17.20 Module: Parsing a String into a DateTime Object Portably


17.20 Module: Parsing a String into a Date/Time Object Portably

Credit: Brett Cannon

Python's time module supplies the parsing function strptime only on some platforms, and not on Windows. Example 17-2 shows a strptime function that is a pure Python implementation of the time.strptime function that comes with Python. It is similar to how time.strptime is documented in the standard Python documentation. It accepts two more optional arguments, as shown in the following signature:

strptime(string, format="%a %b %d %H:%M:%S %Y", option=AS_IS, locale_setting=ENGLISH)

option's default value of AS_IS gets time information from the string, without any checking or filling-in. You can pass option as CHECK, so that the function makes sure that whatever information it gets is within reasonable ranges (raising an exception otherwise), or FILL_IN (like CHECK, but also tries to fill in any missing information that can be computed). locale_setting accepts a locale tuple (as created by LocaleAssembly) to specify names of days, months, and so on. Currently, ENGLISH and SWEDISH locale tuples are built into this recipe's strptime module.

Although this recipe's strptime cannot be as fast as the version in the standard Python library, that's hardly ever a major consideration for typical strptime use. This recipe does offer two substantial advantages. It runs on any platform supporting Python and gives perfectly identical results on different platforms, while time.strptime exists only on some platforms and tends to have different quirks on each platform that supplies it. The optional checking and filling-in of information that this recipe provides is also quite handy.

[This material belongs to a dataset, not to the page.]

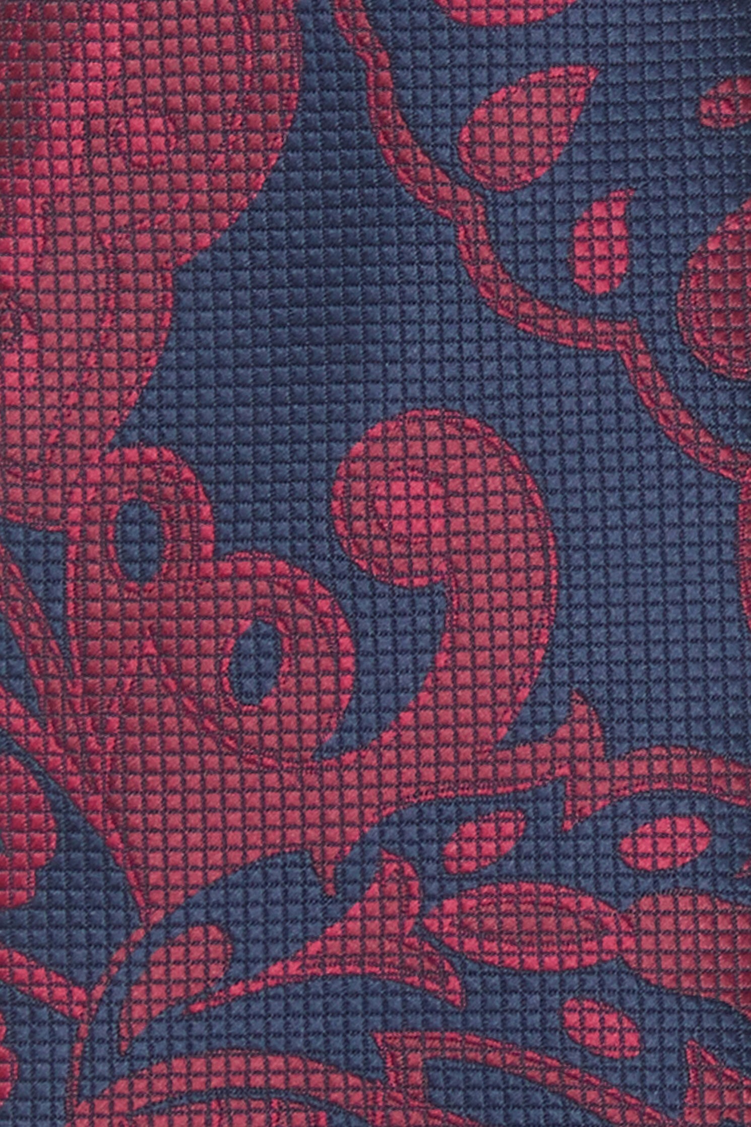 Bordo ve lacivert renkli W Collection kravat, şal deseni ile dikkat çekiyor.
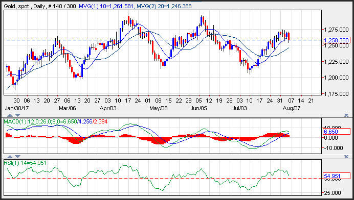 Os preços do ouro moveram-se mais para baixo deslizando ao longo do suporte, junto à média de mudança exponencial de 10 dias, na sequência do relatório das folhas de pagamentos não agrícolas, mais forte do que esperado. Os preços estão agora posicionado para testar o suporte alvo, junto à média de mudança de 20 dias em 1.246. A resistência é vista perto as elevações semanais em 1.275. O impulso positivo está a desacelerar à medida que o histograma MACD (média de mudança convergência divergência) imprime no negro com uma trajetória descendente que aponta para um potencial sinal de cruzamento da venda.

The locale-setting support of this version of strptime was inspired by that in Andrew Markebo's own strptime, which you can find at http://www.fukt.hk-r.se/~flognat/hacks/strptime.py. However, this recipe has a more complete implementation of strptime's specification that is based on regular expressions, rather than relying on whitespace and miscellaneous characters to split strings. For example, this recipe can correctly parse strings based on a format such as "%Y%m%d".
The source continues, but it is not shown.